When this happens, valuations become a huge quandary for investors. “These stocks now look ‘expensive’ on most measures, but their profits are continuing to grow rapidly,” Seager-Scott adds. “Nvidia is one of the largest companies in the world with earnings growth like a micro-cap. How do you value something like that?
“The short answer is you can’t with any real conviction, and that is somewhat in the nature of disruptive innovations. So there’s a lot of guesswork involved despite the confidence professed both by champions and detractors in the commentariat.”
Data from Hargreaves Lansdown shows that tech and AI stocks are still highly in favour among ISA investors. The most popular funds during Q4 on the company’s platform showed a concentration into tech funds as well as global and US markets.

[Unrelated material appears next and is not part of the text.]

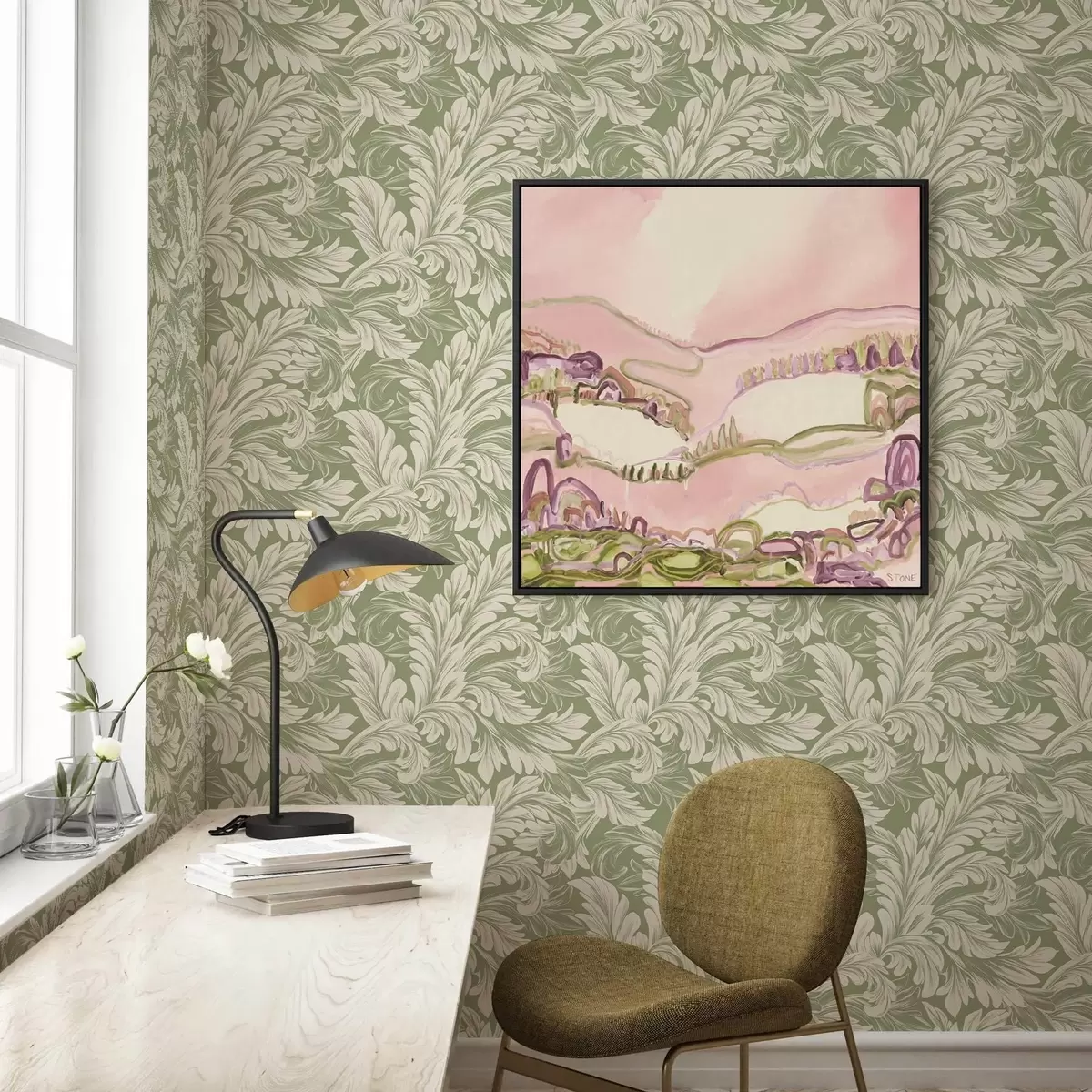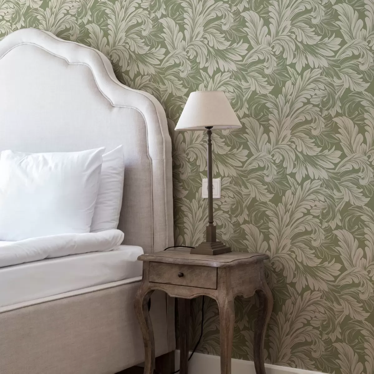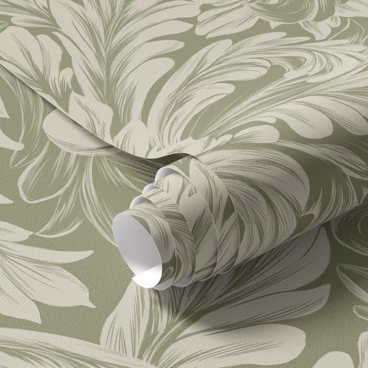 Tapeet Barokne kreemjate lehtedega rohelisel taustal Nr. a00135

Most bought funds, HL Stocks & Shares ISA, Oct – Dec 2024 (net buys) |
---|
UBS S&P 500 Index |
Legal & General US Index |
Fidelity Index World |
Legal & General Global Technology Index Trust |
Legal & General International Index Trust |
Baillie Gifford American |
Vanguard FTSE Global All Cap Index |
Artemis Global Income |
Rathbone Global Opportunities |
Vanguard US 500 Stock Index |
Source: Hargreaves Lansdown
“While we think the US has more room for growth following Trump’s re-election and the potential for business-friendly policies, valuations are lofty, particularly among larger growth-focused companies,” says Kate Marshall, lead investment analyst, Hargreaves Lansdown. “Similarly, the tech sector is full of exciting opportunities, but it’s a specialist area and, like any specialist sector, performance will come in waves. In case of any setback, investors should maintain diversified portfolios that have the potential to perform when different regions come in and out of favour.”
However, while there is uncertainty over how long the tech and AI rally can continue, I’ve picked out three stocks here that could be well-positioned to ride the particular conditions that 2025 has in store, and could be worth keeping an eye on this year.
Note – these are in addition to Broadcom, Nvidia and MicroStrategy, all of which were referenced in my five stocks for 2025 article.
Kyndryl to catch infrastructure tailwinds
The UK government is setting out its stall to be a leader in the AI market. Prime minister Keir Starmer announced an initiative to”turbocharge” the sector’s growth over the next decade on Sunday 12 January, including allocating £14 billion in funding and securing a commitment among leading private tech companies to create 13,250 jobs.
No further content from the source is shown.